Risks of Non-Compliance
Here are some serious risks UK sellers face if they try to wing it with US business UK seller operations:
- Back Sales Tax Obligations
- IRS Penalties
- Withheld Earnings
- UK Tax Risks
- Cash Flow Issues
- Double Taxation
Real-World Challenges from Social Media and Sellers
Cross-border entrepreneurs often share their struggles online, and what they say reveals real risks and real lessons:
- UK sellers forming US LLCs and dealing with IRS forms
- Confusion about filing US returns
- Questions about the US sales tax when using a US-based fulfillment
- Debates over using a UK Ltd vs a US LLC for a US-focused business
These conversations highlight a recurring theme: many UK sellers assume simplicity, but encounter complexity, risk, and confusion when scaling into the US.

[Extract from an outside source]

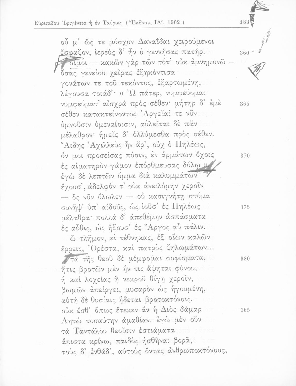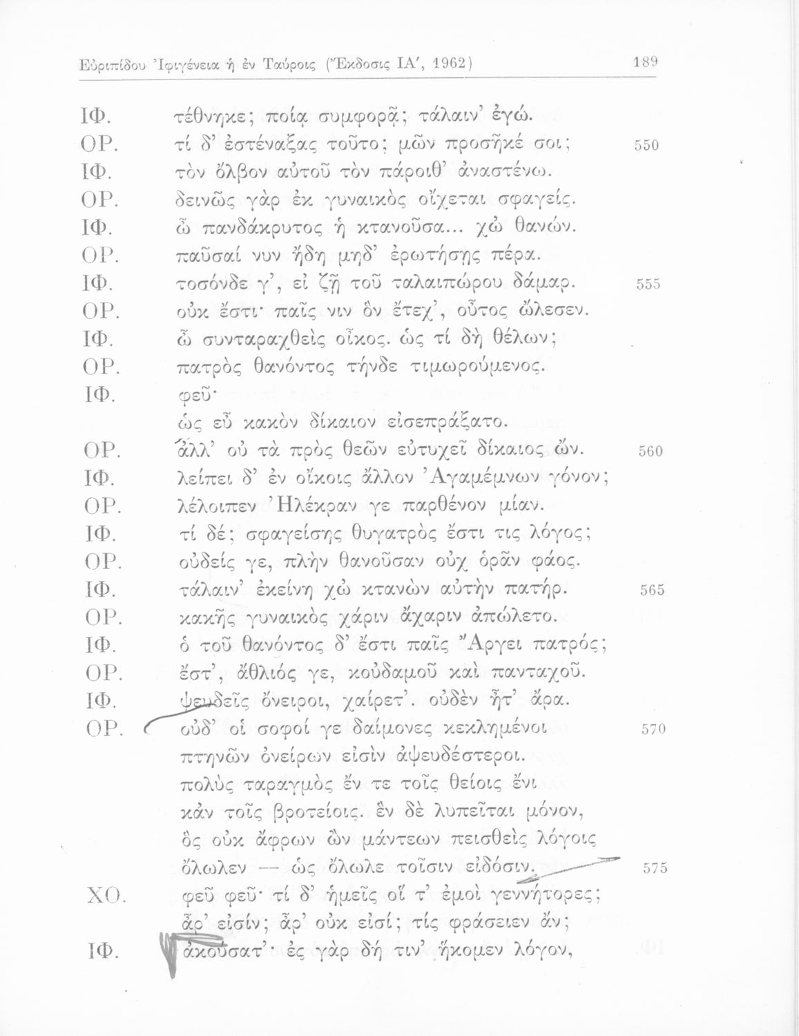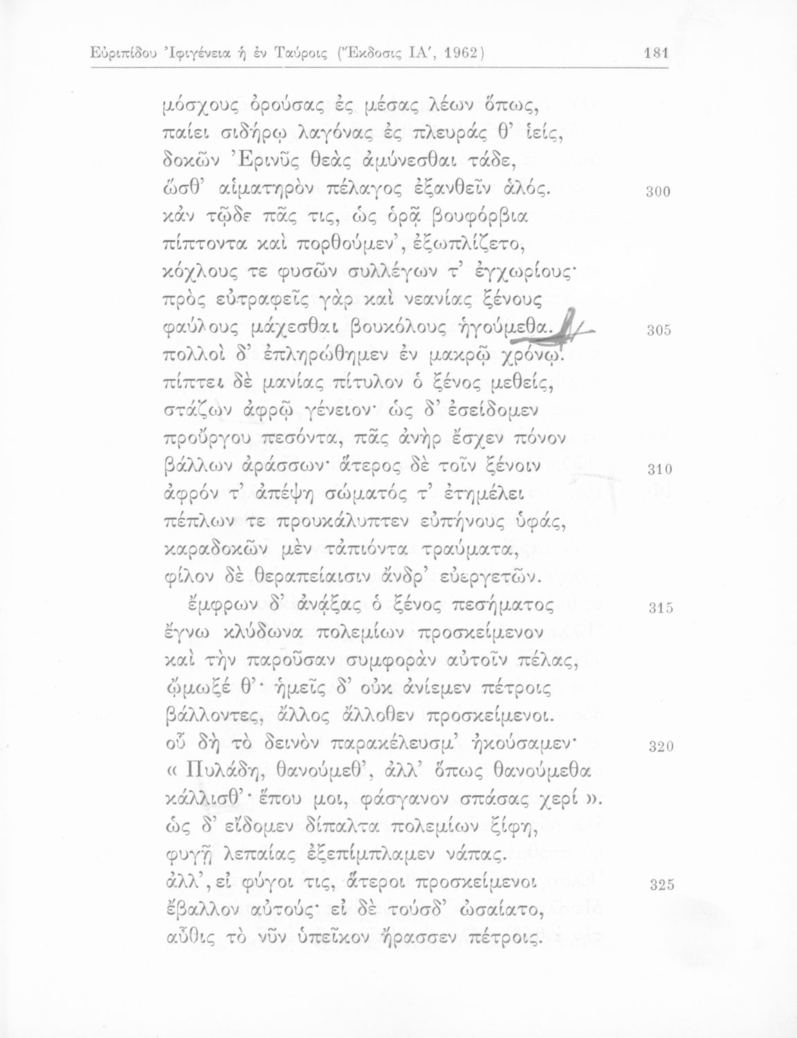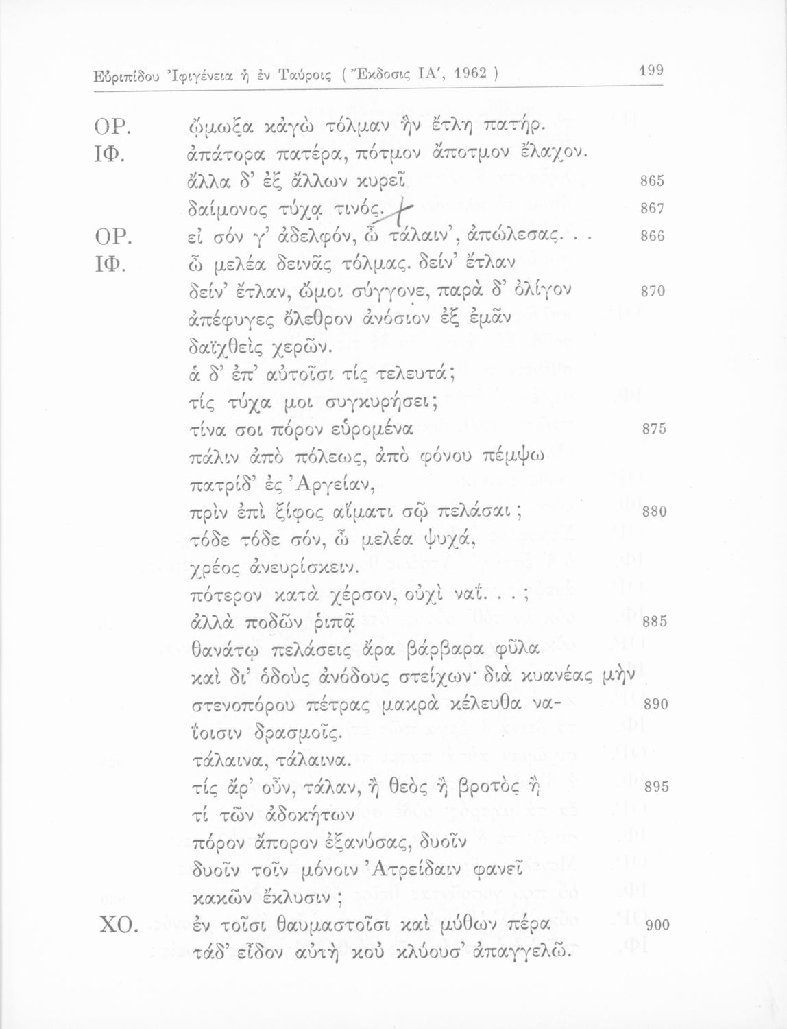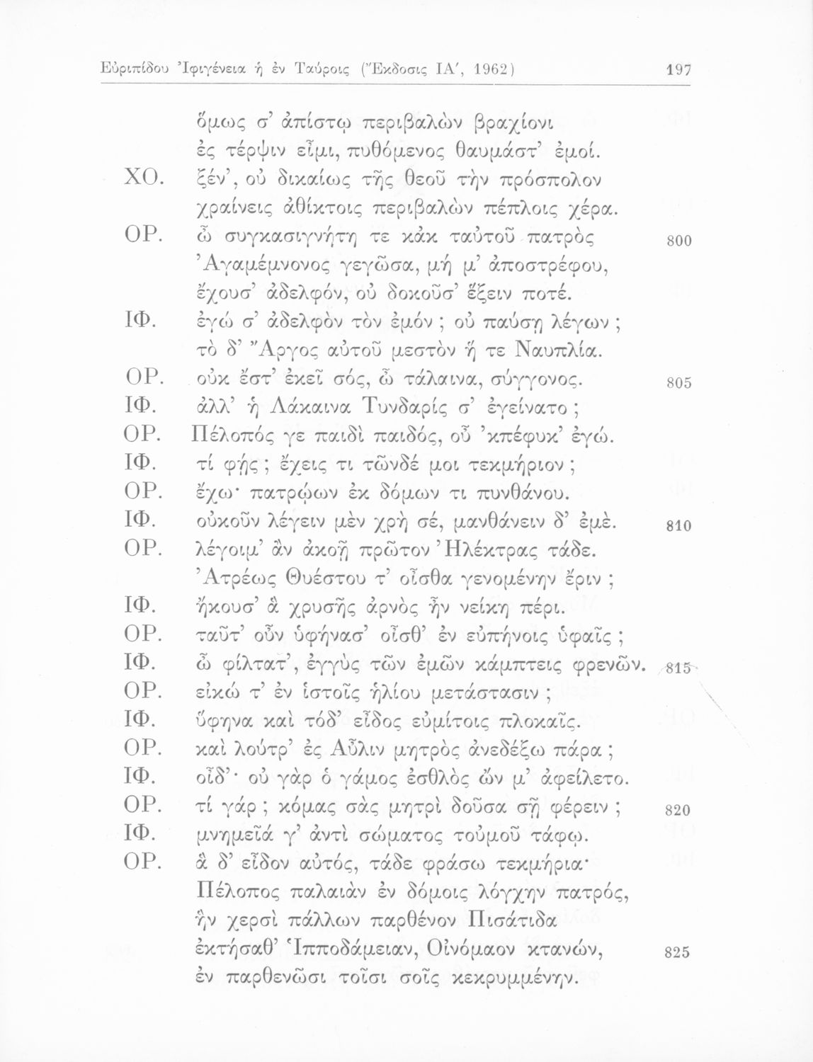 Σχολικό εγχειρίδιο Αρχαίων Ελληνικών Γυμνασίου που περιλαμβάνει αποσπάσματα από τις τραγωδίες του Ευριπίδη Ιφιγένεια η εν Αυλίδι και Ιφιγένεια η εν Ταύροις, ερμηνευτικά και πραγματολογικά σχόλια και λεξιλογικές παρατηρήσεις.

Best Practice Steps for UK Entrepreneurs Expanding to the US
Here’s a tactical, prioritized plan distilled from Tom’s journey and the experience of other cross-border sellers to help you minimize risk and maximize growth:
- Set Up Your LLC First
- Run a Nexus Assessment
- Use the Right Sales Channels
- Complete Withholding Documentation
- Track Everything with Accounting Software
- File US Tax Returns Properly
- Report to HMRC
- Manage Double Taxation
- Reassess Regularly
- Work with Experts
Conclusion: Turning Ambition into Sustainable Growth
Tom’s journey from a UK-based e-commerce brand to a cross-border business selling in the USA taught him something vital: revenue isn’t the same as profit, and profit isn’t free when you cross borders. Forming a US LLC was only the beginning. The real complexity and the real opportunity were in navigating cross-border tax UK, understanding US sales tax, avoiding double taxation, and ensuring UK-IRS compliance.
If you are a UK entrepreneur seriously considering selling to the USA from the UK, this US LLC and Tax Guide for Selling isn’t optional; it’s essential. Structuring smartly, planning thoroughly, and executing with care will protect you from unexpected tax liabilities, penalties, and cash flow shocks.
At Lanop Business and Tax Advisors, we help UK sellers like you design the right US structure, handle e-commerce tax, minimize double taxation, and grow sustainably. With the right foundation, you can scale across the Atlantic with confidence, keep more of what you earn, and build a legacy, not just a revenue stream.